Ron Paul insisted in a recent interview that Abe Lincoln could have avoided the Civil War by buying the southern slaves from the southerners. Paul argues that Lincoln (a warmonger) was “determined to fight this civil war” that he could have avoided “for 1/100 the cost.”
Right Wing News reported, via HotAir:QUESTION: Getting down to the last two questions here…. Most people consider Abe Lincoln to be one of our greatest presidents, if not the greatest president we’ve ever had. Would you agree with that sentiment and why or why not?
RON PAUL: No, I don’t think he was one of our greatest presidents. I mean, he was determined to fight a bloody civil war, which many have argued could have been avoided. For 1/100 the cost of the war, plus 600 thousand lives, enough money would have been available to buy up all the slaves and free them. So, I don’t see that is a good part of our history. Besides, the Civil War was to prove that we had a very, very strong centralized federal government and that’s what it did. It rejected the notion that states were a sovereign nation.
Thursday, April 1, 2010
I Don't Need Your Civil War
I occasionally joke that Ron Paul is OK, except he's always one sentence away from declaring Abraham Lincoln to be a blood thirsty war monger. Today, and not for the first time, he reached that sentence: Correcting Ron Paul: Buying the Slaves Was Not An Option
Whatta doof.
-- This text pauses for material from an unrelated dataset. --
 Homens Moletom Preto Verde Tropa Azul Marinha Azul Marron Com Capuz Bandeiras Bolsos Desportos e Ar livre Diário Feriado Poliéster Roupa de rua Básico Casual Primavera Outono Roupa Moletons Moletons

As Gateway Pundit notes, proposals for such schemes were common in the years leading up to the Civil War - the American desire to solve every problem with a quick payout was ratified along with The Constitution - but were rejected as prohibitively expensive. So, no, you couldn't just "buy all the slaves" and avoid a collision between North and South. By the time Lincoln was elected, the two political "sides" in American politics - slavery/Democrats and freedom/Republicans (sound familiar?) - had gotten to the point where war was the only way to resolve their political disputes.
And you can't blame this on Paul's age or that he was "tired." This is actually a common belief, both on the Rothbardian wing of the libertarians and even among some progressives, who have developed the theory that the framers of the 14th Amendment were "redistributionists" because they "took" the Confederates' slaves (via conquest and constitutional amendment) without just compensation (as God is my witness, I am not making this up).
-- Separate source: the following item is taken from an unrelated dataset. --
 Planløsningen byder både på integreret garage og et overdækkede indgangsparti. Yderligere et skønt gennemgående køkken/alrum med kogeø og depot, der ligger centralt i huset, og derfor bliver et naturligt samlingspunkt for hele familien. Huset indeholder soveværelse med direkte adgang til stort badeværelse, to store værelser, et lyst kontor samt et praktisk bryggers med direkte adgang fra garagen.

Paul is one of the most potent spokesmen for limited government and the moral dimensions of the national debt. But he is a problematic spokesman because he is a contrarian who feels compelled to be contrary on virtually everything. Also, if you read his last couple books, it is clear that his ant-Fed crusade is as much an anti-war crusade as it is an anti-Big Government one. Not saying we should stop listening to him entirely, but just know that you might want to watch your head when Paul is operating heavy machinery.